Laura Alcoba fait revivre cette époque où la jeunesse était fascinée par l'image du Che, cet Ernesto Guevara qui avait quitté l'Argentine pour devenir la figure la plus populaire du Cuba castriste. C'était une époque où l'idéal révolutionnaire amenait des jeunes gens à prendre les armes contre l'empire yankee : « la Bête dont parle saint Jean dans l'Apocalypse...» Certains de ces jeunes gens, « les Cinq de La Plata » et « les Triplés », sont argentins comme le Che. Rêvant de le rejoindre, ils quittent clandestinement leur pays à destination de l'île crocodile pour s'y entraîner en vue d'une opération de subversion quelque part dans ce qu'on appelait alors le tiers monde. Ils sont prêts à donner leur vie pour la Révolution.

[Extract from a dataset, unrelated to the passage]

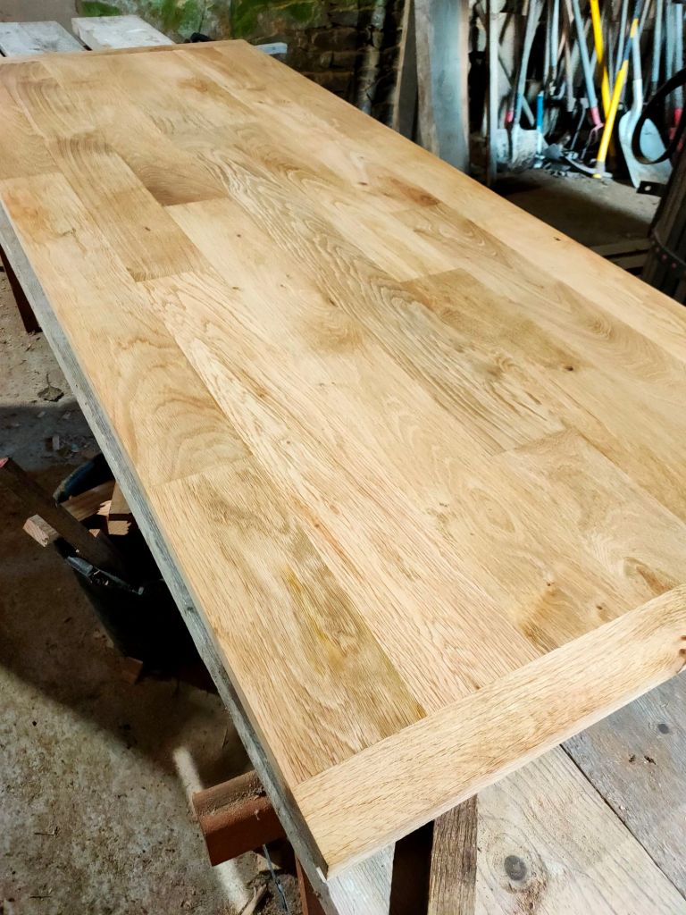 Transformation de reste de parquet en un magnifique plateau de bureau sur mesure (même si les dimensions ont évoluées) qui n’attend que son vernis et des pieds pour être installé.

Mais il y a beaucoup à faire avant d'en arriver là et grande est la surprise des instructeurs cubains : « Ce qu'ils croyaient être une cellule révolutionnaire venue en renfort depuis l'extrême sud, « les Cinq de La Plata« tels qu'El Loco les avait baptisés, n'était qu'une bande de morveux, un club d'adolescents mal dégrossis en mal de sensations fortes – voilà ce que Juan Carlos pensait. Un boulet pour la Révolution.» Effectivement, l'entraînement est dur, mais efficace : il forme de vrais guérilleros. Plusieurs d'entre eux tomberont sous les balles de la dictature argentine dans les années soixante-dix. Leurs noms figurent sur les « stèles » à la fin du livre.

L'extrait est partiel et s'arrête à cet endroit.